Source data:
=== Begin Enclosure ===
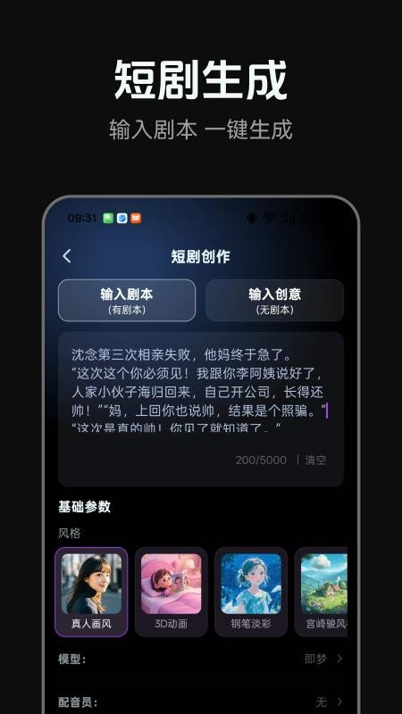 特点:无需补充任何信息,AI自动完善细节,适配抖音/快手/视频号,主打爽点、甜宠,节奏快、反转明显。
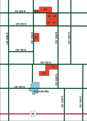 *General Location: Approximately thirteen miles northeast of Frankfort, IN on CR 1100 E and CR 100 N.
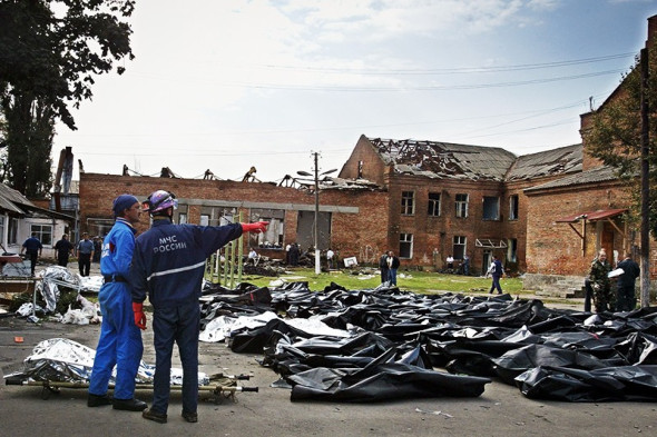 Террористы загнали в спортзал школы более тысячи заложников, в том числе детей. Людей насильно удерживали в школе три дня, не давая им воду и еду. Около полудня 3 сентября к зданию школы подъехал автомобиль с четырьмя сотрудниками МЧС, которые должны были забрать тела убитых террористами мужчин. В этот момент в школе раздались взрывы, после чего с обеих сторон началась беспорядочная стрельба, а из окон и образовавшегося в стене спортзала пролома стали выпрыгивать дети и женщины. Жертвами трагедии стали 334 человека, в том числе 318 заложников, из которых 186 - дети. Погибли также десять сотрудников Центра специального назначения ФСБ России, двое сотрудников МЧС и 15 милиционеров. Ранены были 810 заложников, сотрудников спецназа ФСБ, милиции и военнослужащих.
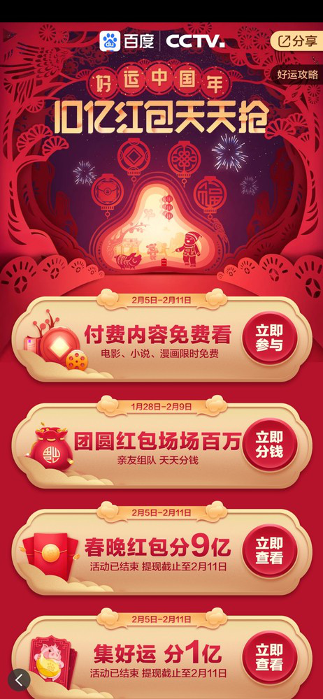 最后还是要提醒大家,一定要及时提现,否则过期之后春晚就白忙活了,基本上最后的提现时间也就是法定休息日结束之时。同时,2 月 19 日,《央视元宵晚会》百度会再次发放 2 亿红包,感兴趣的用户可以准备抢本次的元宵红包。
=== End Enclosure ===
=== Begin Enclosure ===
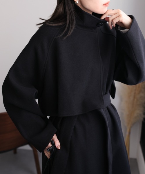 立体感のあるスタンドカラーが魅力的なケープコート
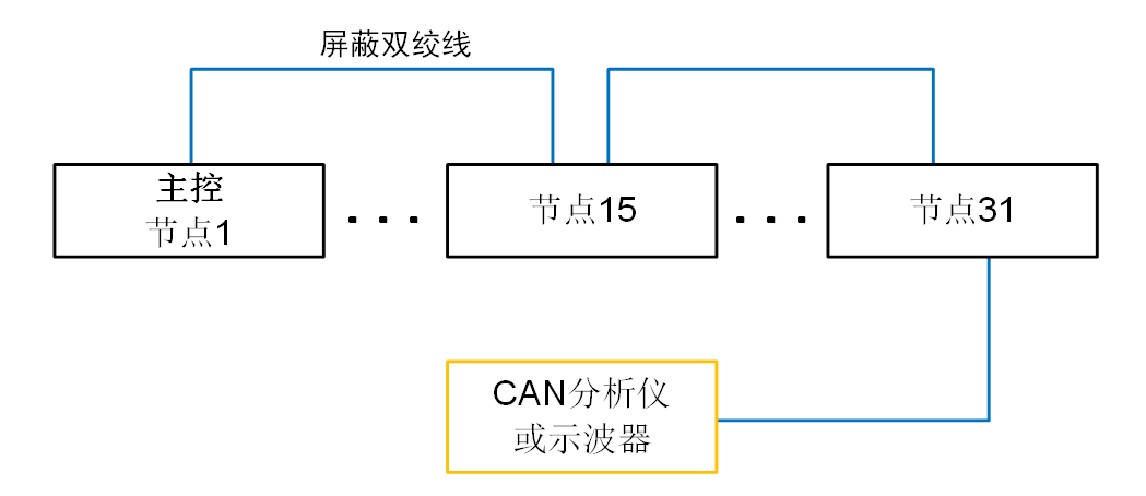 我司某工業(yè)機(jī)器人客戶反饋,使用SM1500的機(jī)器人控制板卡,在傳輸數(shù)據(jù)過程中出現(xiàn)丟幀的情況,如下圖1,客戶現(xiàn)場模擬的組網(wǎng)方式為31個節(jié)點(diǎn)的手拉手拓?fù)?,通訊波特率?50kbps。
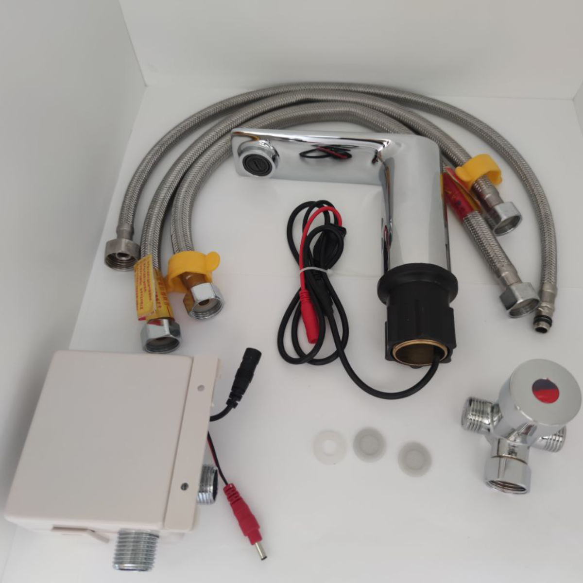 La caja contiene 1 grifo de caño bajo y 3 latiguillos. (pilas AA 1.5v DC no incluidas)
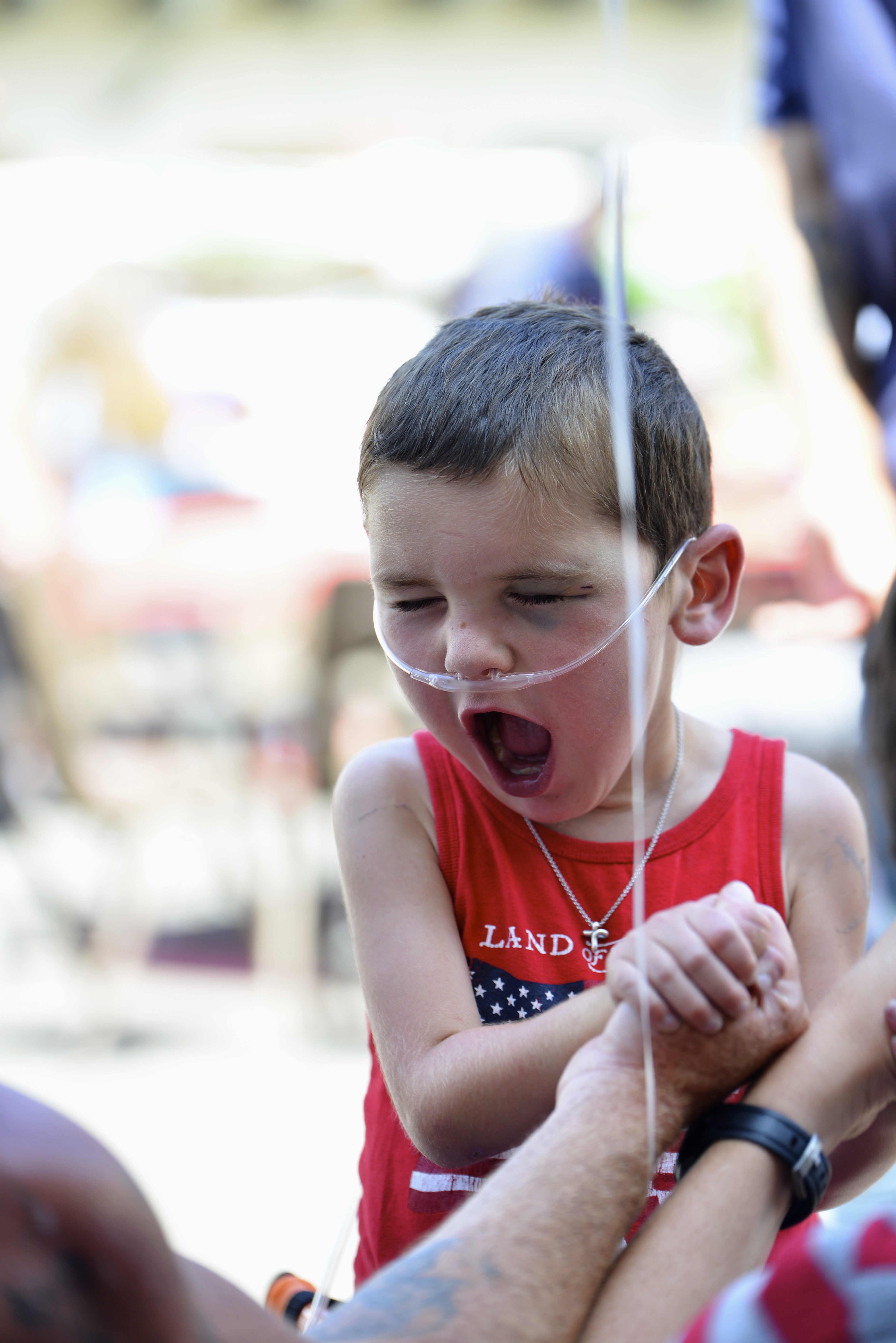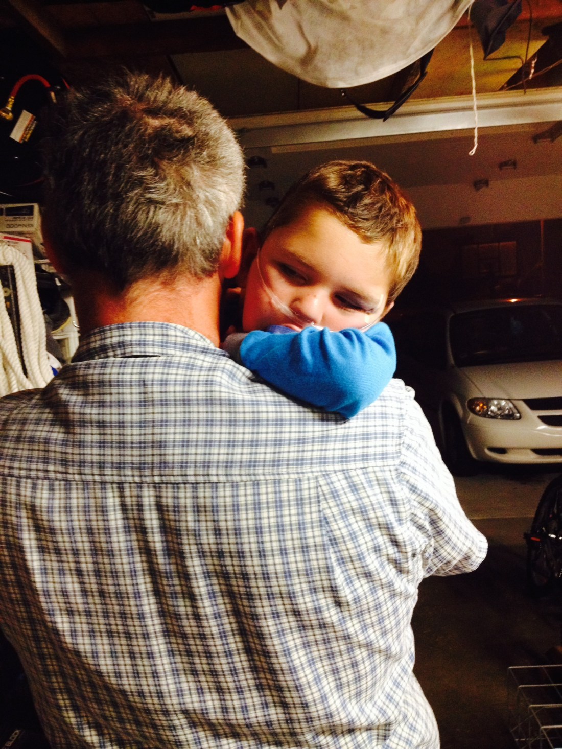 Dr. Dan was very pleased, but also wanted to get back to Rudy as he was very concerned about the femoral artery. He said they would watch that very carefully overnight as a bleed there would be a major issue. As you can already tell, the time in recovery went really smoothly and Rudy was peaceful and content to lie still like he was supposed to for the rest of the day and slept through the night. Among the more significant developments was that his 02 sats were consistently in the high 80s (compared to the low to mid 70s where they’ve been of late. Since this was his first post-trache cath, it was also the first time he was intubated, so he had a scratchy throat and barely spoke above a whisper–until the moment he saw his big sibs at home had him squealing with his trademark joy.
=== End Enclosure ===
Exercise details:
Output exactly the lines of the listing above that start with the one holding "立体感のあるスタンドカラーが魅力的なケープコート" and go on through the one holding "La caja contiene"; leave the pictures out.

Final answer:
 立体感のあるスタンドカラーが魅力的なケープコート
 我司某工業(yè)機(jī)器人客戶反饋,使用SM1500的機(jī)器人控制板卡,在傳輸數(shù)據(jù)過程中出現(xiàn)丟幀的情況,如下圖1,客戶現(xiàn)場模擬的組網(wǎng)方式為31個節(jié)點(diǎn)的手拉手拓?fù)?,通訊波特率?50kbps。
 La caja contiene 1 grifo de caño bajo y 3 latiguillos. (pilas AA 1.5v DC no incluidas)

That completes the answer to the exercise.